Which bit are you struggling with?


----------



## The Bear (Sep 19, 2006)

Port forwarding and what IPs to put in what boxes in my router's settings.


----------



## Raisltin Majere (Mar 13, 2004)

this is what i have


----------



## KiNeL (Feb 6, 2006)

Tivo_noob said:


> Also make sure your dialling prefix is on ,#401 in the phone setup options


You don't need this if you choose Network calling when you install the Cachecard or Turbonet drivers.


----------



## Restorer (Jan 6, 2002)

Raisltin Majere said:


> I use dyndns.org. My router has a page in it's config so tat I can enter my login details and it will update dyndns automatically.

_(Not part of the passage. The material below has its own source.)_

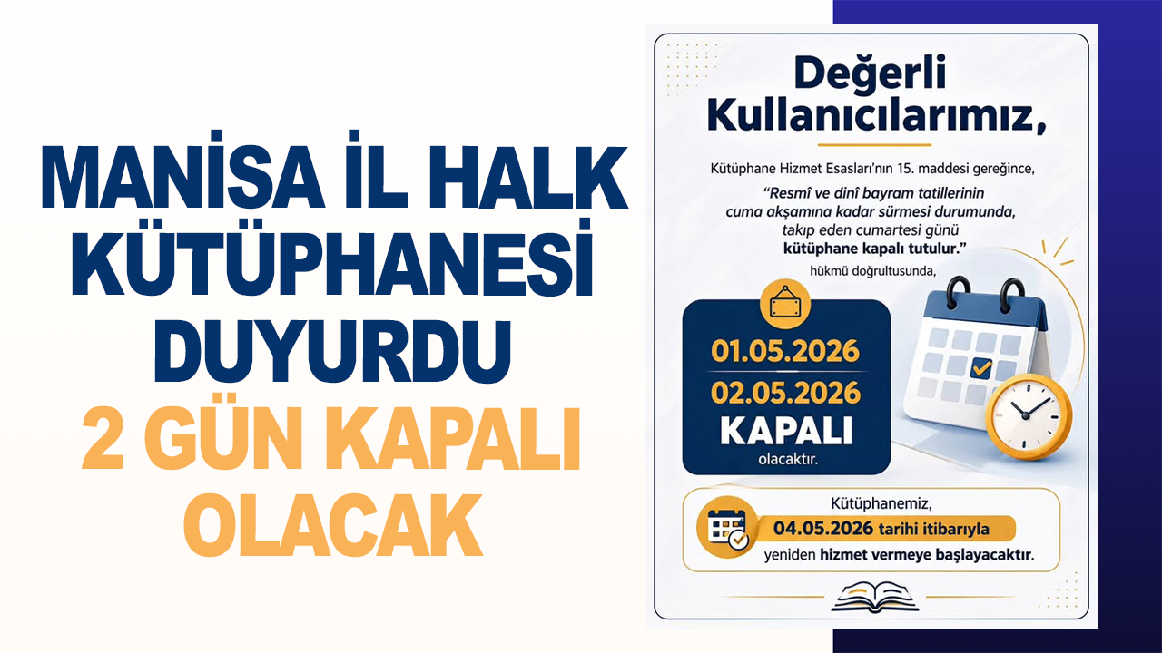 Bu kapsamda, 1 Mayıs 2026 ve 2 Mayıs 2026 tarihlerinde kütüphanenin kapalı olacağı belirtildi.

Trying to set up dyndns.org I get the message it cannot find a hostname and I will have to enter it manually. What would hostname be refererring to?


----------



## chrisd (Oct 24, 2003)

If you get that error when setting up the dynamic dns host initially, where you have the options Hostnames, IP Address, Enable Wildcard, Mail Exchanger, then you need to enter a name in the Hostname field (any name, whatever you want it to be called), and then choose any of the extensions from the pulldown box next to it.

Your IP address should already be in there, automatically detected.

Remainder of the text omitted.